- Opening Delimiter -

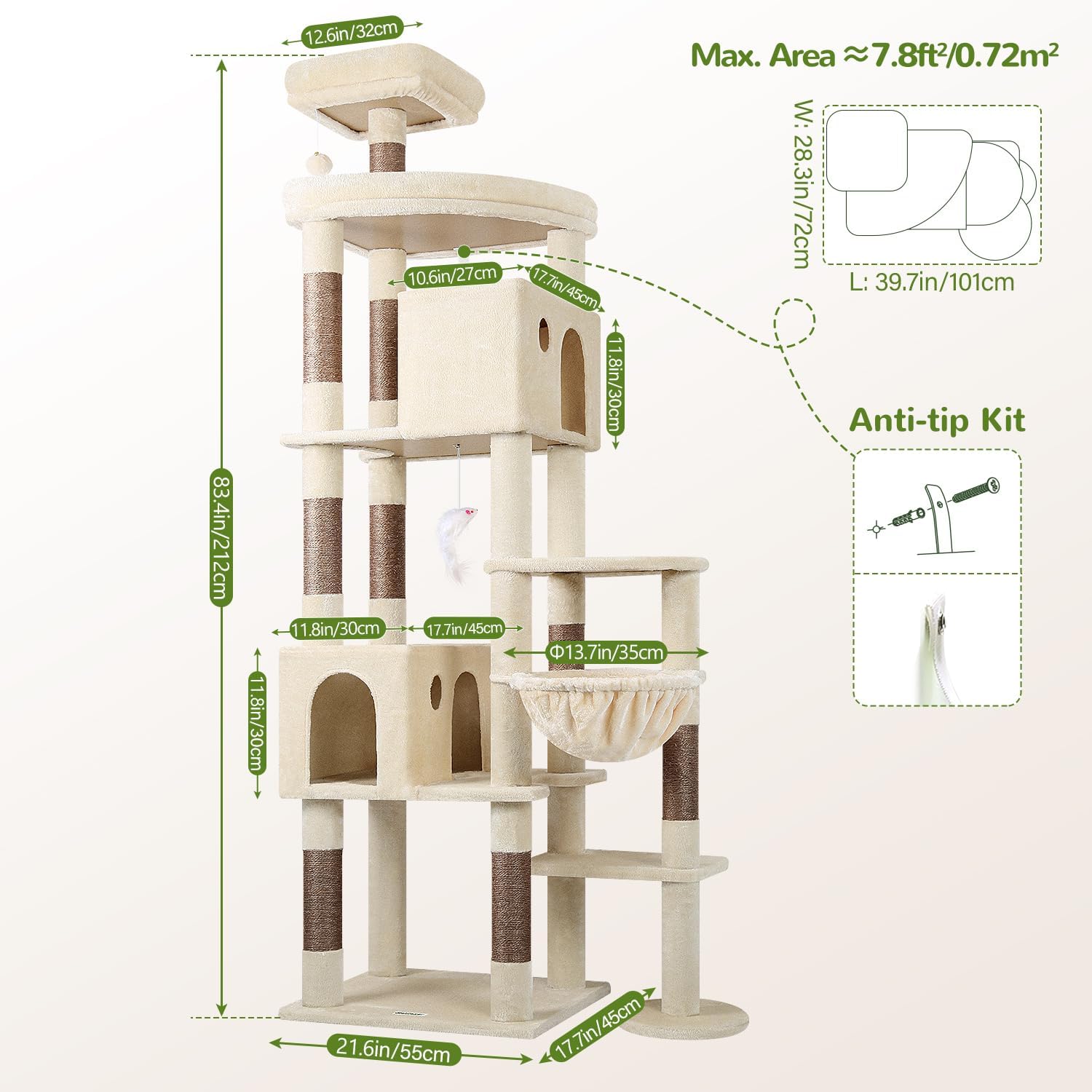 Globlazer Giant Cat Tree, 83 inch Cat Tree for Indoor Cats Large Adult, XXL Cat Tower with 9 Scratching Posts for 20lb+ Heavy Duty Large Adult Cats, F83, Beige
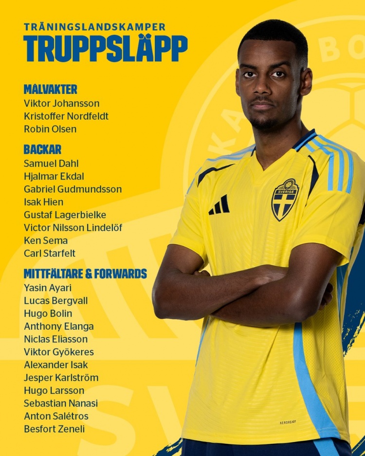 中前場:阿亞里(布萊頓)、貝里瓦爾(熱刺)、博林(馬爾默)、伊蘭加(諾丁漢森林)、埃利亞松(雅典AEK)、約克雷斯(葡萄牙體育)、伊薩克(紐卡)、卡爾斯特羅姆(烏迪內斯)、雨果-拉爾森(法蘭克福)、納納西(斯特拉斯堡)、薩萊特羅斯(AIK索爾納)、澤內利(埃爾夫斯堡)
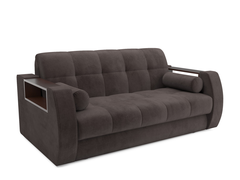 Особенностью модели являются функциональные подлокотники-полки, выполненные из ЛДСП цвета темного Венге, размером 57 × 14 см. Диван "Боро №3" со встроенными полками позволяет хранить все необходимое в одном месте, например, пульт от телевизора, наушники, зарядное устройство.

- Closing Delimiter -

What is needed is the data above, retyped exactly, with every picture left out.

 Globlazer Giant Cat Tree, 83 inch Cat Tree for Indoor Cats Large Adult, XXL Cat Tower with 9 Scratching Posts for 20lb+ Heavy Duty Large Adult Cats, F83, Beige
 中前場:阿亞里(布萊頓)、貝里瓦爾(熱刺)、博林(馬爾默)、伊蘭加(諾丁漢森林)、埃利亞松(雅典AEK)、約克雷斯(葡萄牙體育)、伊薩克(紐卡)、卡爾斯特羅姆(烏迪內斯)、雨果-拉爾森(法蘭克福)、納納西(斯特拉斯堡)、薩萊特羅斯(AIK索爾納)、澤內利(埃爾夫斯堡)
 Особенностью модели являются функциональные подлокотники-полки, выполненные из ЛДСП цвета темного Венге, размером 57 × 14 см. Диван "Боро №3" со встроенными полками позволяет хранить все необходимое в одном месте, например, пульт от телевизора, наушники, зарядное устройство.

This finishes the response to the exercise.